3D: 2 planes intersecting

I believe I've figured out a and b, but I don't understand c

Consider the points A(1,2,0), B(1,0,1), C(0,1,-1) and D(1,0,-1)

a) Find the equation of the plane passing through the points A, B, C. Is the point D on this plane?

b)Find a parametric equation for the line passing through D which is perpendicular (the line) to the plane of the triangle ABC.

c) Find the equation of the plane passing through A and D, which is perpendicular to the plane of the triangle ABC. Note: Two planes are perpendicular if their normal vectors are perpendicular.

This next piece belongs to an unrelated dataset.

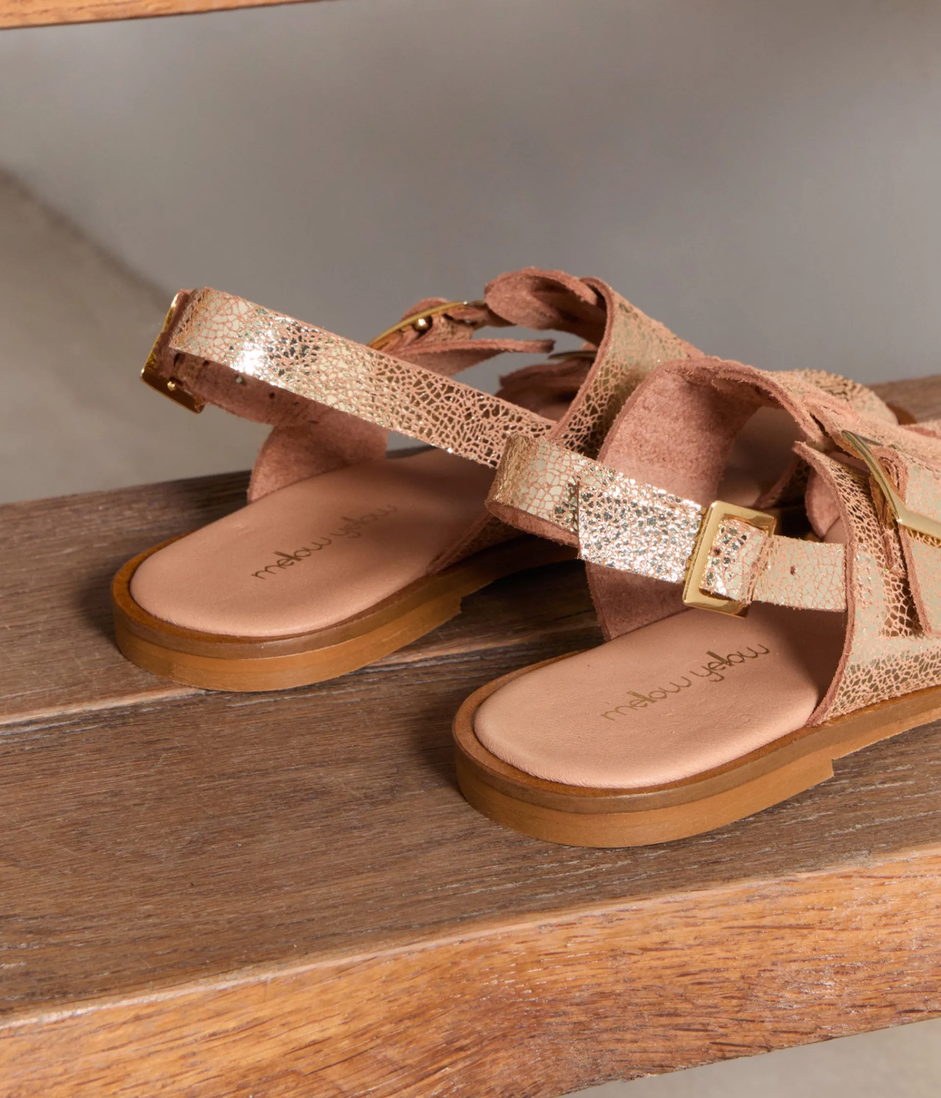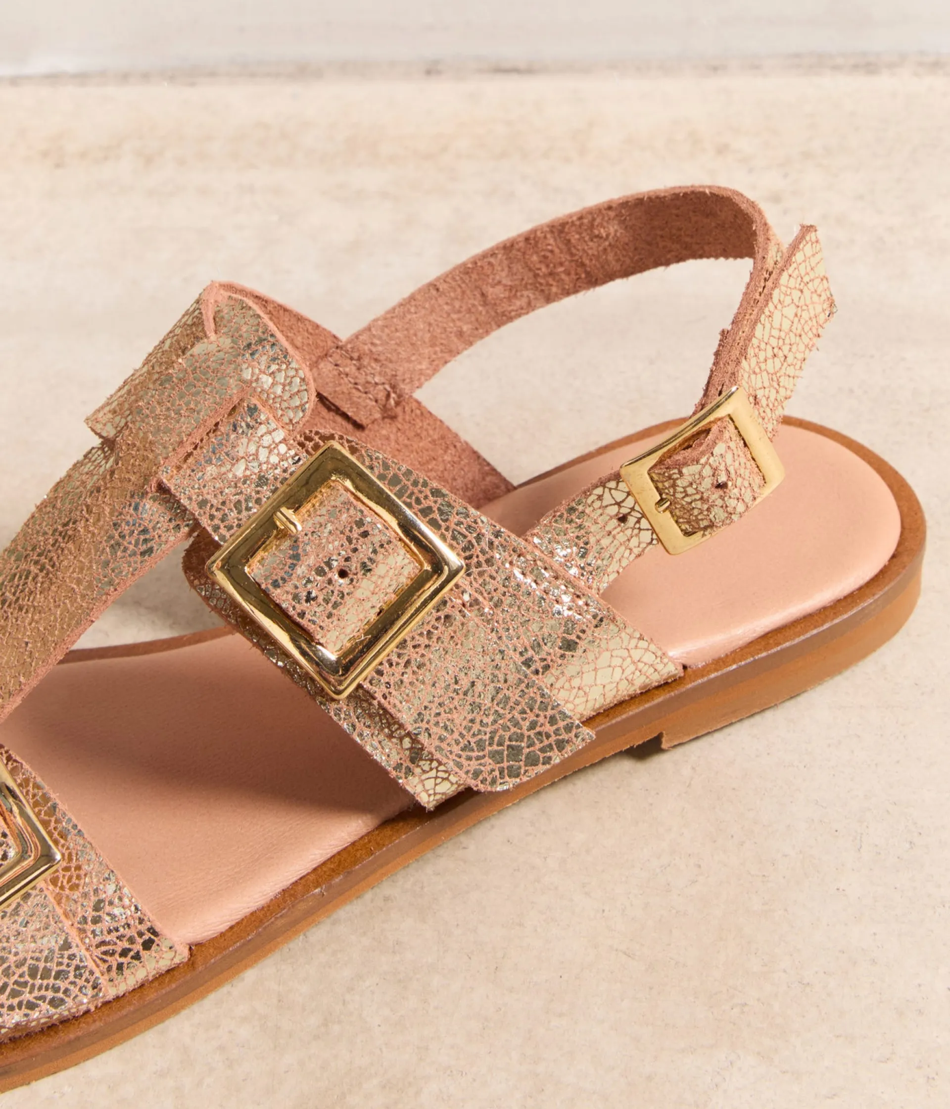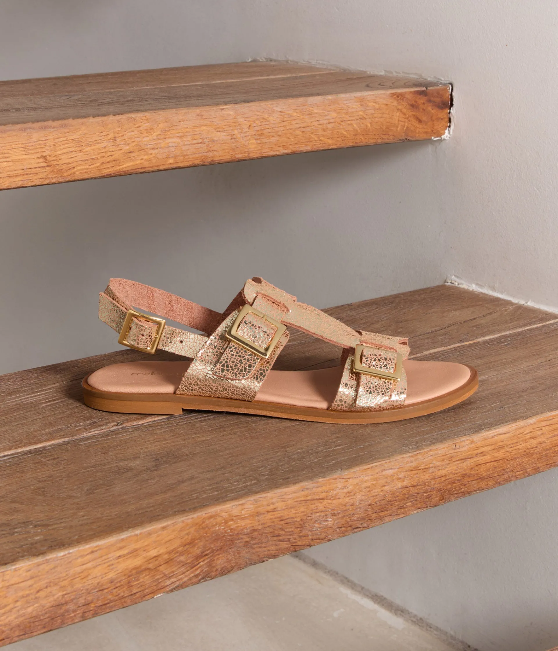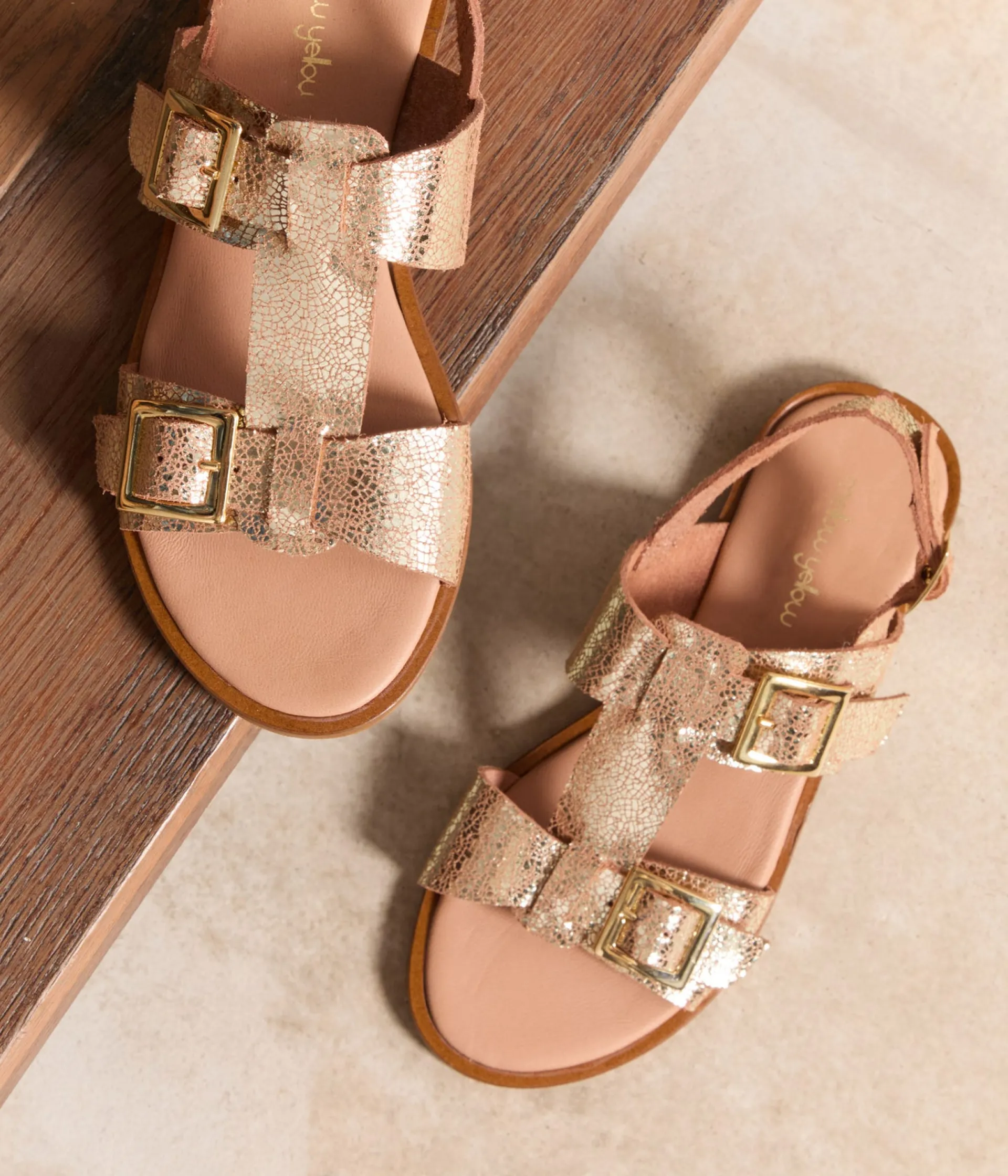 Qu’est-ce qui matche à la perfection avec une robe noire et un total look blanc, avec une combi en jean brut et un pantalon battle kaki ? Ne tergiversez pas longtemps. Ce sont… les sandales dorées, évidemment. C’est un grand Oui pour le modèle Nikki, en cuir métallisé fantaisie.
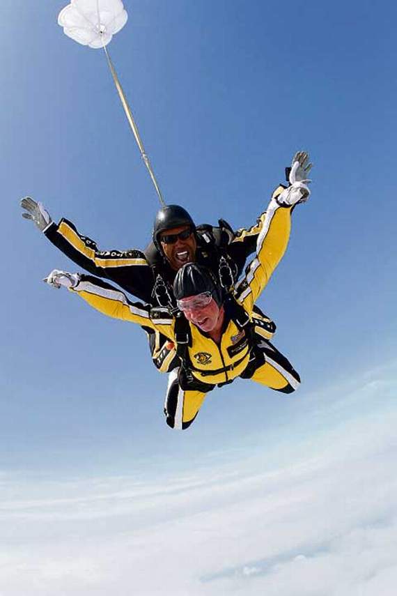 They jumped from 15,000 feet, any higher would require oxygen tanks, and within seconds, they were plummeting downwards at 120mph, in a tandem jump, which is the easiest of all skydives. It requires only 30 minutes of training before jumping, each strapped to a British Parachute Association Tandem Instructor.

a)equation of the plane ABC is -3x+y+2z=-1 and D is not on the plane

$\displaystyle \begin{gathered}

\overrightarrow u = < 0,2, - 1 > \hfill \\

\overrightarrow v = < - 1,1, - 2 > \hfill \\

\end{gathered}

$

$\displaystyle \begin{gathered}

\overrightarrow n = - 3i + j + 2k \hfill \\

\overrightarrow r - \overrightarrow {{r_o}} = < x - 0,y - 1,z - ( - 1) > \hfill \\

\end{gathered}

$

$\displaystyle \begin{gathered}

\overrightarrow r - \overrightarrow {{r_o}} \overrightarrow n = 0 \hfill \\

< x - 0,y - 1,z - ( - 1) > < - 3,1,2 > = 0 \hfill \\

\end{gathered}

$

$\displaystyle \begin{gathered}

- 3x + 3 + y + 2z - 2 = 0 \hfill \\

- 3x + y + 2x = - 1 \hfill \\

\end{gathered}

$

b)equation of line perpendicular to plane:

$\displaystyle \begin{gathered}

\overrightarrow {{r_o}} = < 1,0, - 1 > \hfill \\

\overrightarrow v = < - 1,1, - 2 > \hfill \\

\end{gathered}

$

$\displaystyle \begin{gathered}

\overrightarrow r = \overrightarrow {{r_o}} + t\overrightarrow v \hfill \\

< x,y,z > = < 1,0, - 1 > + t < - 1,1, - 2 > \hfill \\

\end{gathered}

$

x=1-t

y=t

z=-1-2t

and like I said, I have no idea what to do for c